AIM OF THE TASK:
The answer must be the lines from the one that holds "体育播报4月5日宣 北京时间" through the final line of the data, copied exactly, with no pictures.

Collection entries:
━━━━━━

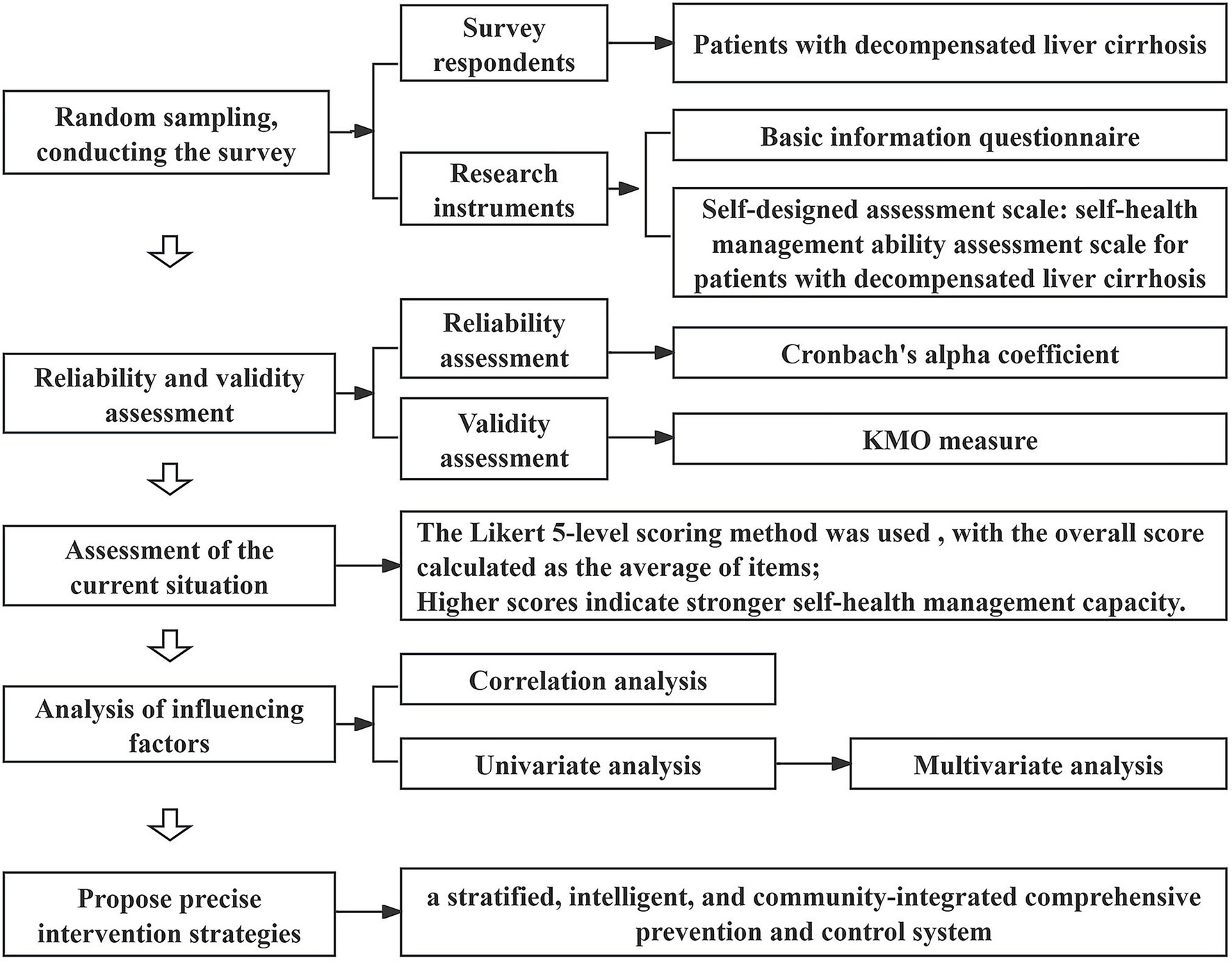 To address this, this study employs a self-developed “Self-Health Management Ability Assessment Scale for Patients with DLC” to evaluate patients with DLC admitted to Shanxi Provincial People’s Hospital in Shanxi Province, China. The objectives are to validate the scale’s feasibility, identify key determinants affecting patients’ self-health management capacity, and propose targeted intervention strategies based on the findings, thereby providing evidence for personalized health management and precise clinical interventions. A schematic diagram of the research is shown in Figure 1.
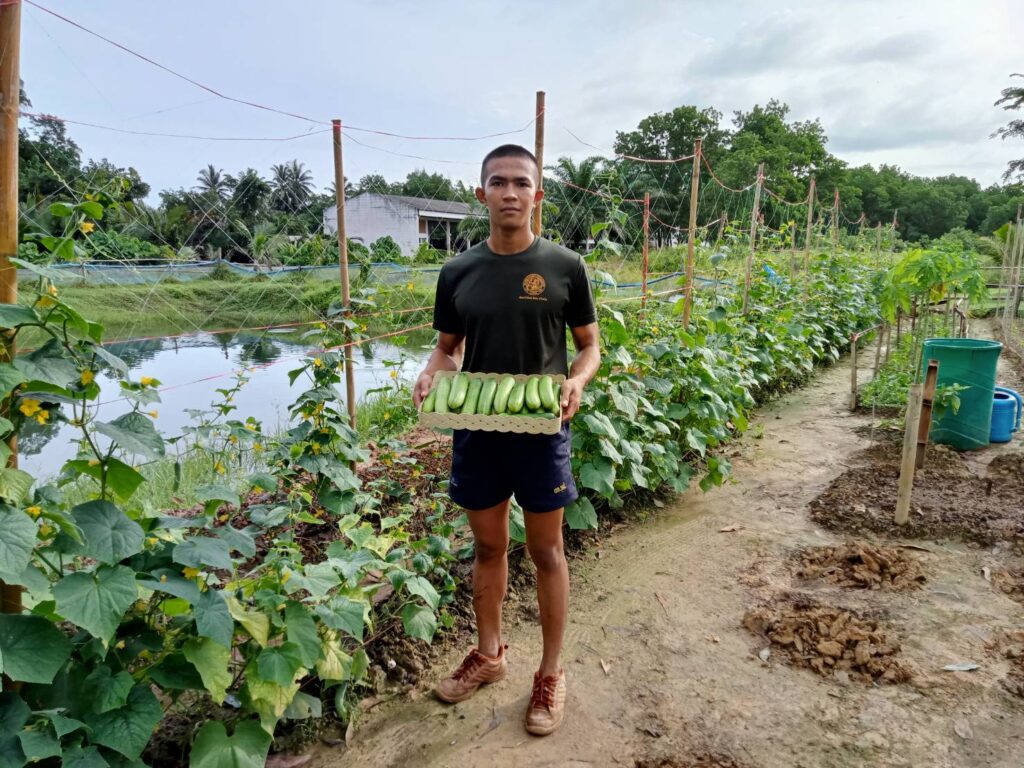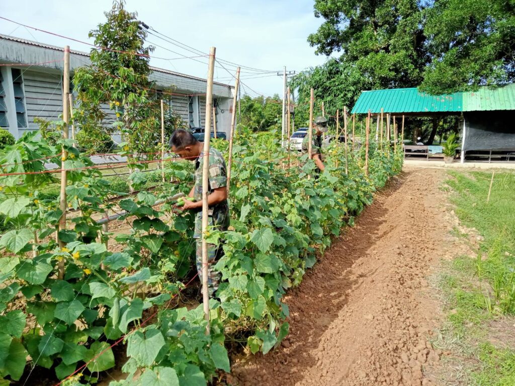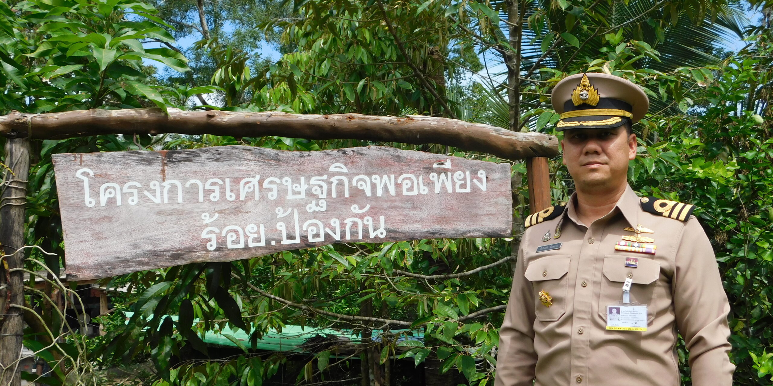 นาวาโท ศักรินทร์ ซื่อสงวน ผู้บังคับกองพันต่อสู้อากาศยานที่ 22 พาชมศูนย์การเรียนรู้เศรษฐกิจพอเพียงตามแนวพระราชดำริ ของพระบาทสมเด็จพระปรมินทรมหาภูมิพลอดุลยเดชในหลวงรัชกาลที่ 9 ซึ่งใช้พื้นที่ในหน่วยปรับทำศูนย์การเรียนรู้ในโครงการเศรฐกิจพอเพียงแบ่งเป็น 3 หน่วยย่อยตามกองร้อยต่างๆ ในกองพัน ต้องการเป็นศูนย์ส่งเสริมการเรียนรู้และทดลองปฏิบัติตามแนวพระราชดำริฯ แก่กำลังพลเพื่อเป็นอาชีพเสริมรายได้ลดรายจ่ายและเป็นการฝึกอาชีพให้แก่ทหารกองประจำการเพื่อเป็นแนวทางในการประกอบอาชีพหลังปลดประจำการ ซึ่งเน้นผลผลิตการเกษตรปลูกผักปลอดสารพิษ(ผักออร์แกนิค) เช่น ผักกาดกวางตุ้ง, แตงกวา ,พริก,มะเขือ,มะนาว,พืชผักสวนครัวรั้วกินได้ และมีบ่อเลี้ยงปลานิล,ปลาดุก,เลี้ยงไก่,เลี้ยงเป็ด จากการดำเนินการดังกล่าว ทำให้มีผลผลิตในการแบ่งปันแก่กำลังพลในสังกัดเป็นการช่วยลดค่าใช้จ่ายภายในครัวเรือนอีกทางหนึ่งและบางส่วนได้ส่งให้โรงประกอบเลี้ยงนำมาปรุงอาหารเลี้ยงกำลังพลทหารกองประจำการอีกด้วย
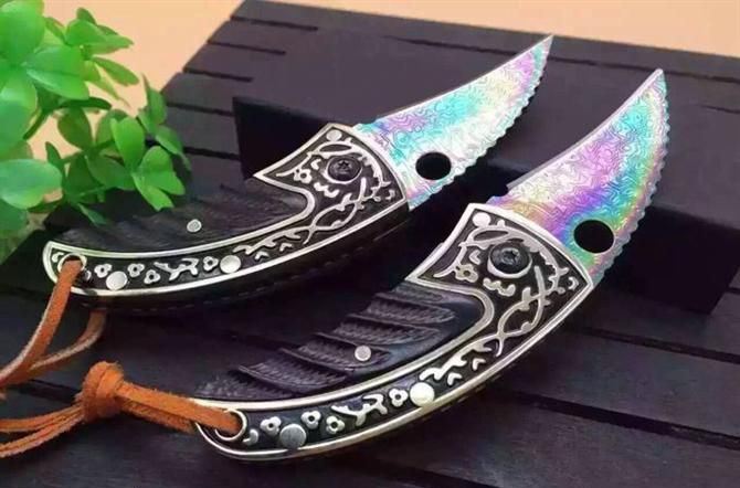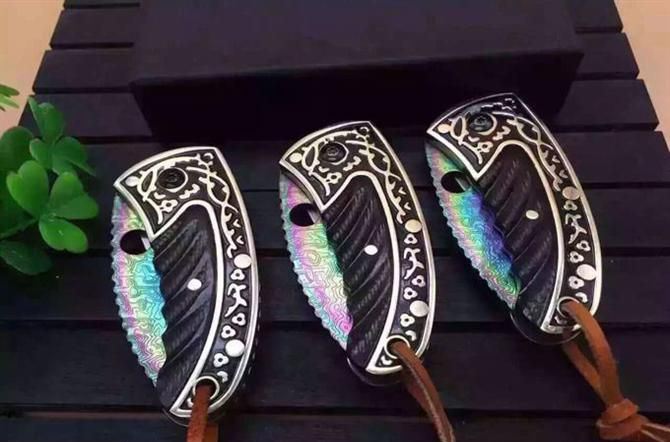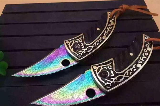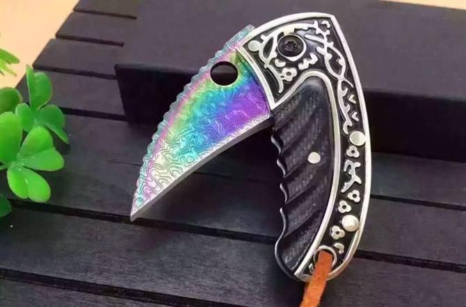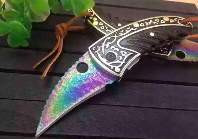 大马士革小老鼠刀(彩虹渡钛) 全 长:11.7cm 刃 长:4.5cm 刃 宽:2.5cm(最宽处) 柄 长:7cm 刃 厚:2.5mm 刃 材:大马士革 柄 材:铜头雕花+黑檀木柄片 硬 度:59HRC 表 面:大马士革原色花纹 重 量:79克(含包装) 锁 闭:线锁 包 装:皮条,高档纸盒
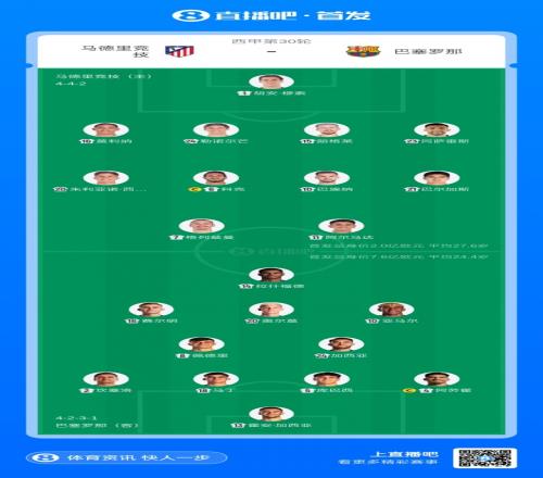 体育播报4月5日宣 北京时间4月5日3:00,西甲第30轮,马竞vs巴萨。赛前双方公布了本场比赛的首发阵容。【马竞方面,阿尔瓦雷斯和卢克曼均未首发,格列兹曼和阿尔马达搭档锋线;巴萨方面拉菲尼亚伤缺,弗里克赛前确认奥尔莫将出任伪9号位置。】
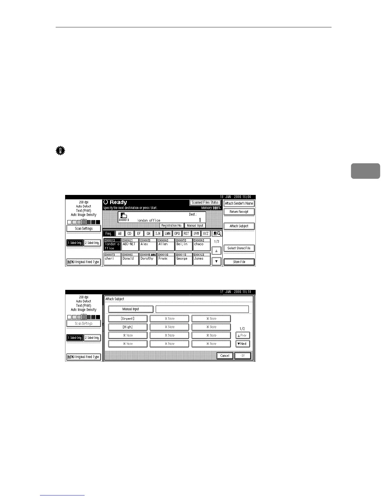 This section explains how to specify the e-mail subject when sending a file by e-

━━━━━━

EXERCISE RESULT:
 体育播报4月5日宣 北京时间4月5日3:00,西甲第30轮,马竞vs巴萨。赛前双方公布了本场比赛的首发阵容。【马竞方面,阿尔瓦雷斯和卢克曼均未首发,格列兹曼和阿尔马达搭档锋线;巴萨方面拉菲尼亚伤缺,弗里克赛前确认奥尔莫将出任伪9号位置。】
 This section explains how to specify the e-mail subject when sending a file by e-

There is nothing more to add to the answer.